What the task asks:
If pictures appear in the lines below, skip them and copy exactly the lines from the one containing "Jede Schultüte wird" through the one containing "Вблизи резонансного пика", and nothing else.
═══ Entries shown
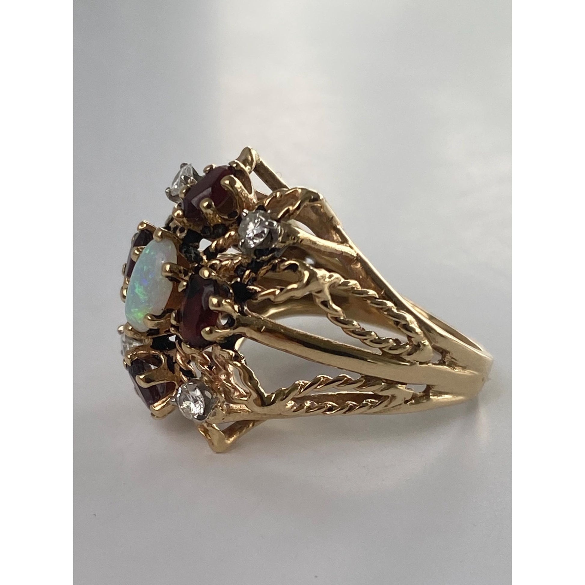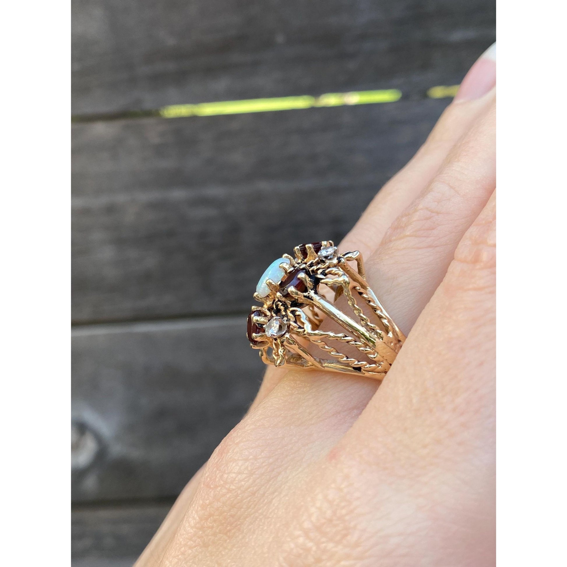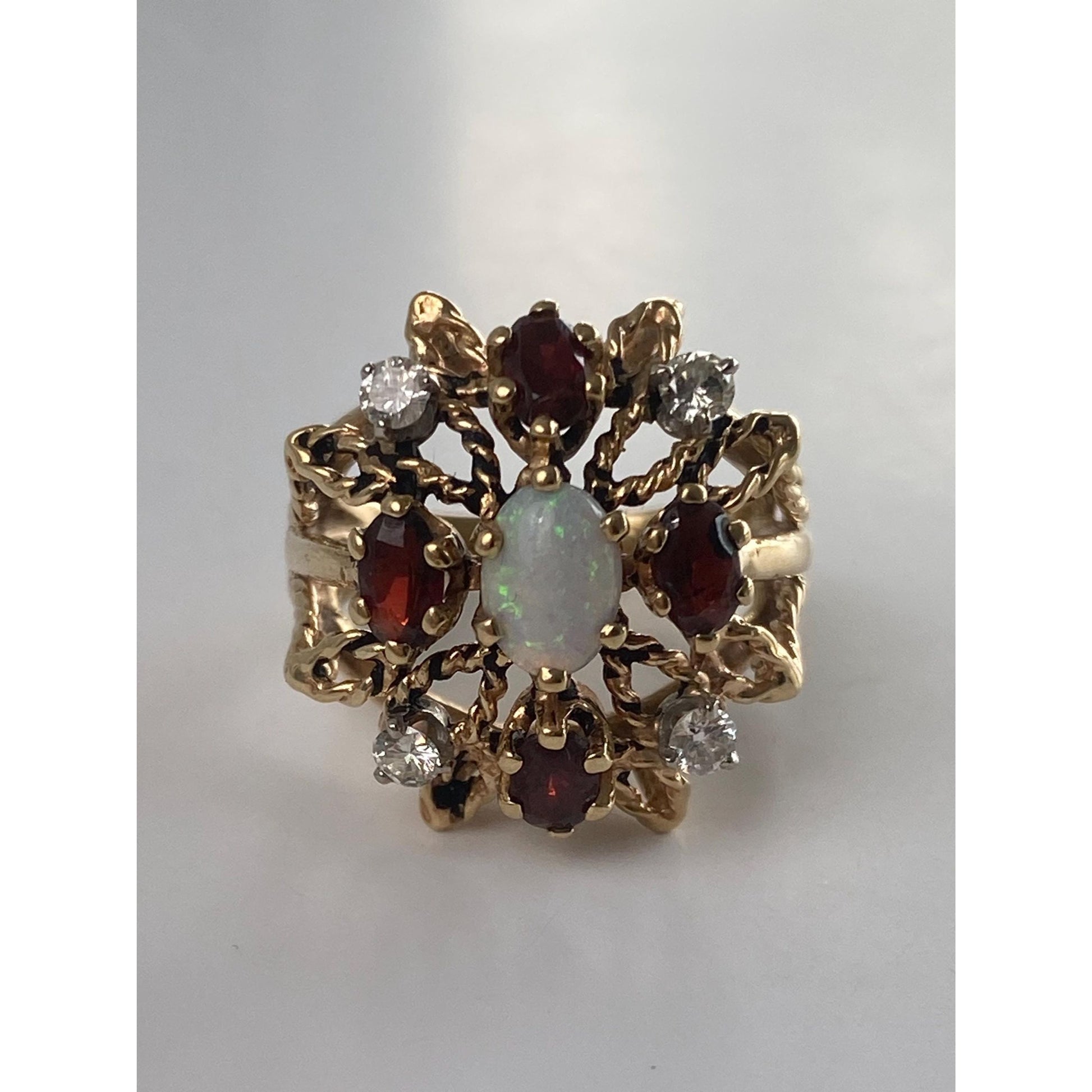 Vintage Solid 14k Yellow Gold Garnet Opal Diamond Cocktail Ring - Size 6.75
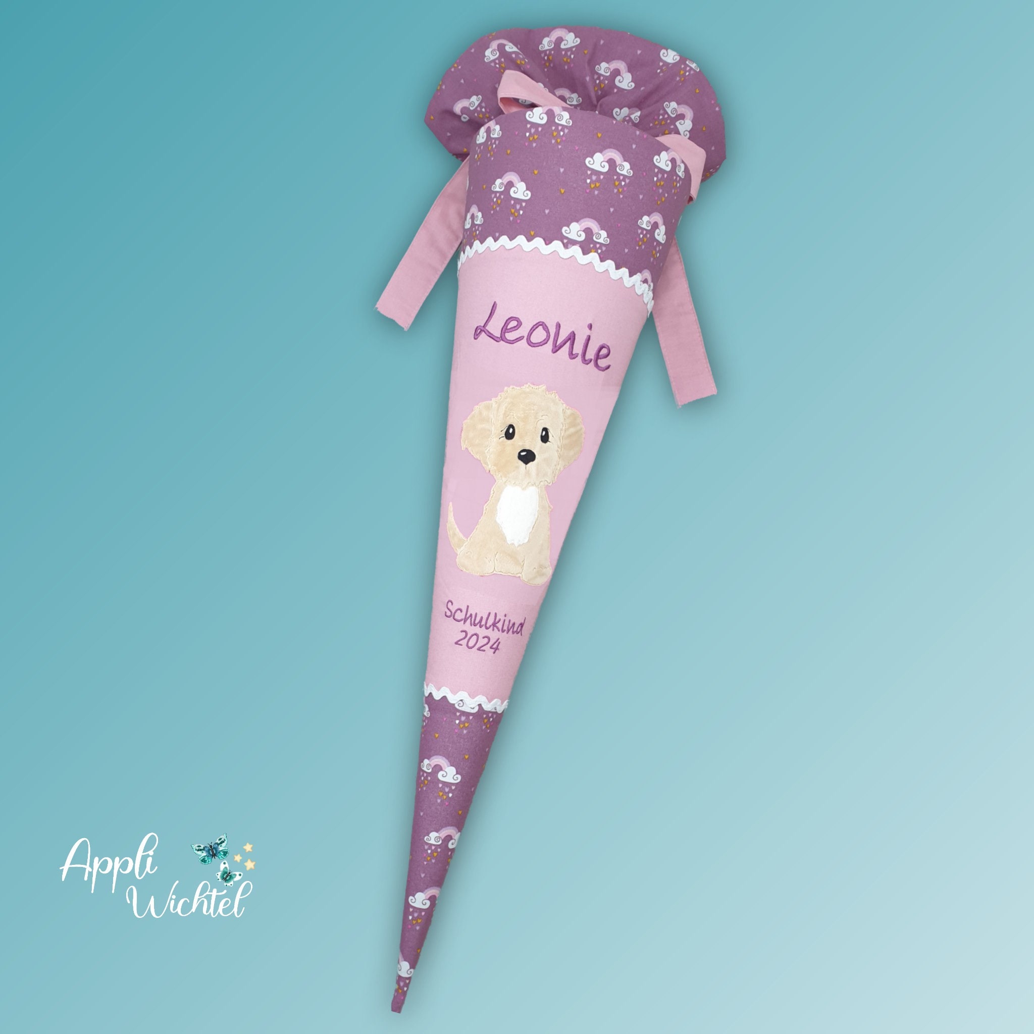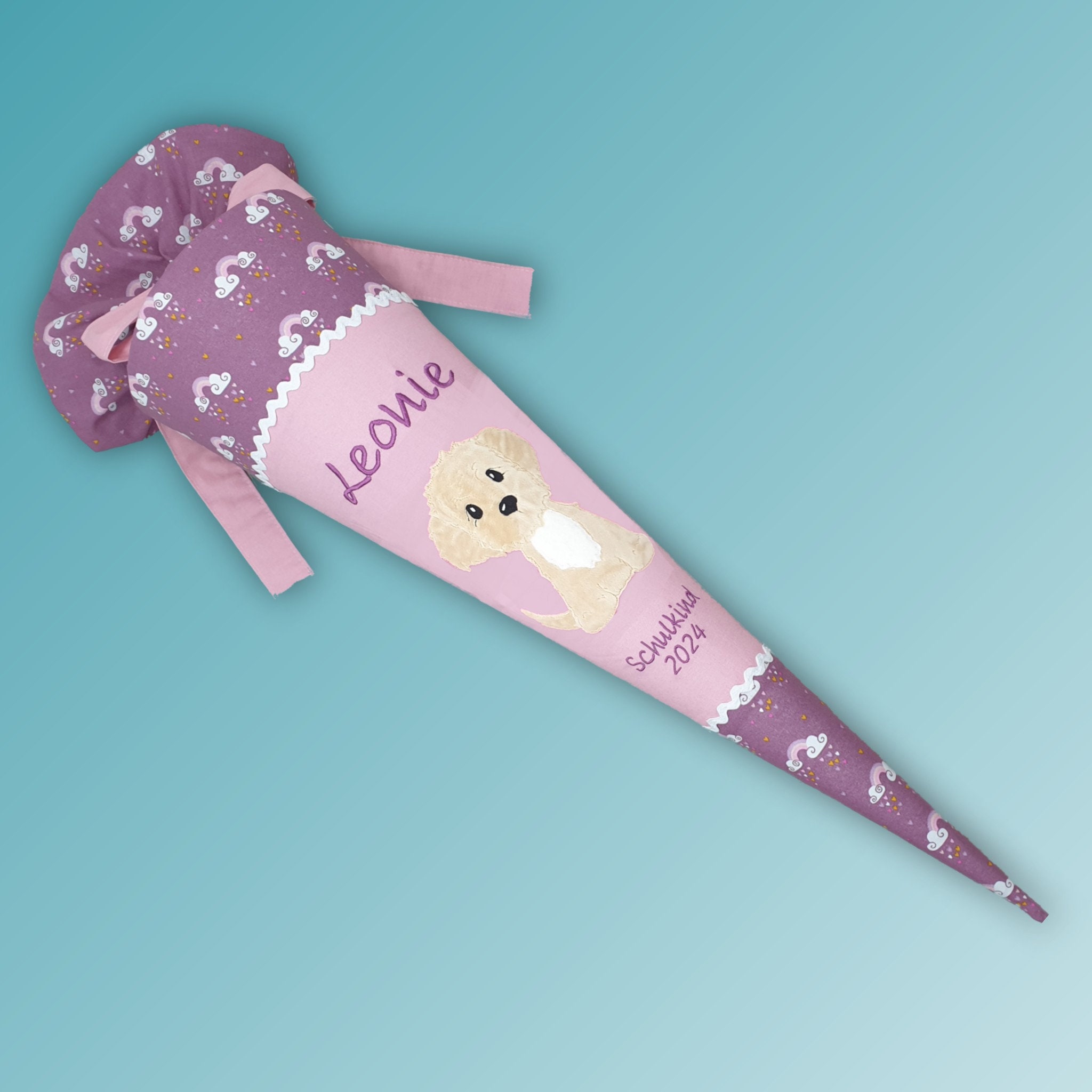 Jede Schultüte wird mit einem gestickten Motiv und dem Namen deines Kindes individuell gestaltet. Auf Wunsch fügen wir auch das Datum des ersten Schultages hinzu.
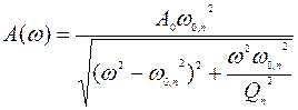 Вблизи резонансного пика частотная зависимость амплитуды вынужденных колебаний балок как одномерных линейных гармонических демпфирующих осцилляторов при отсутствии внешнего трения (вязкости среды, т.е. в вакууме, описывается соотношением
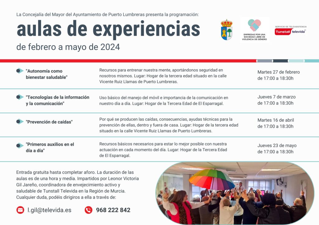 Y ha añadido que “son eventos saludables impartidos por Leonor Victoria Gil Jareño, coordinadora del envejecimiento activo y saludable de Tunstall Televida Región de Murcia. La compañía, líder del sector de la teleasistencia y la salud digital en España, cuenta con una plantilla formada por más de 1.4000 profesionales que ofrecen un servicio de atención personalidad y accesible”.
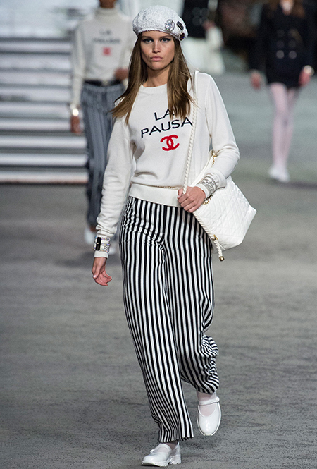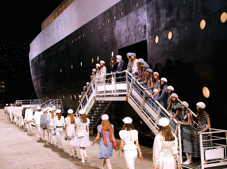 3 мая в парижском Гран-Пале прошел показ круизной коллекции Chanel. На этот раз под куполом дворца Карл Лагерфельд построил самый настоящий корабль, получивший название La Pausa — в честь знаменитой дачи самой мадемуазель Шанель, которую та купила на Лазурном берегу.
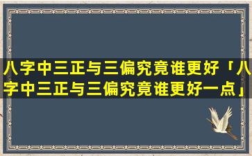 三正:关于三正与三偏谁更好的争论,并,没有一个明确的答案因为这取 🕸 决于个人的命局和具体情况。
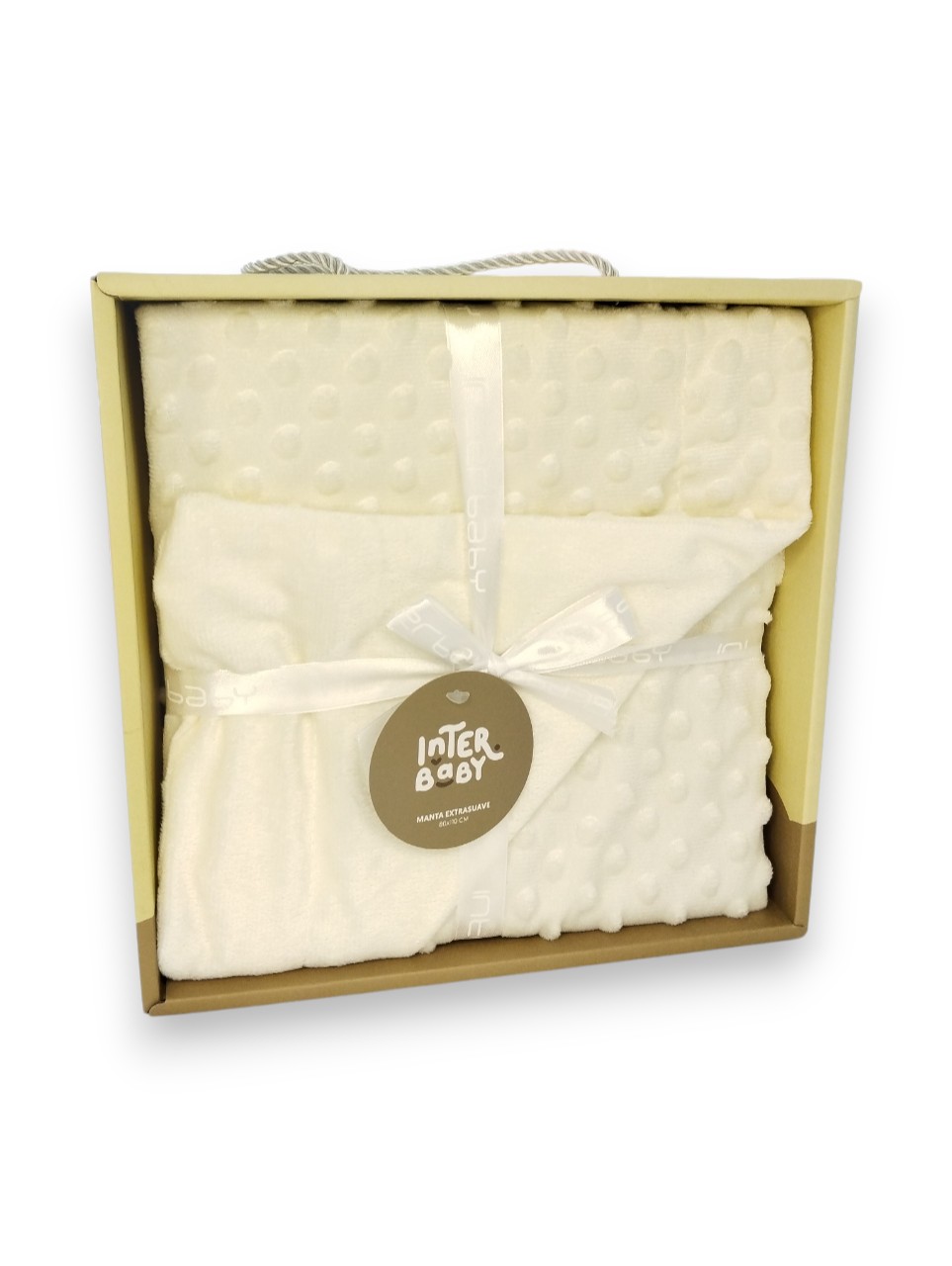 Manta para bebé com toque aveludado e acabamento em bolha. Muito macia e quente.
══════
Solution to the problem:
 Jede Schultüte wird mit einem gestickten Motiv und dem Namen deines Kindes individuell gestaltet. Auf Wunsch fügen wir auch das Datum des ersten Schultages hinzu.
 Вблизи резонансного пика частотная зависимость амплитуды вынужденных колебаний балок как одномерных линейных гармонических демпфирующих осцилляторов при отсутствии внешнего трения (вязкости среды, т.е. в вакууме, описывается соотношением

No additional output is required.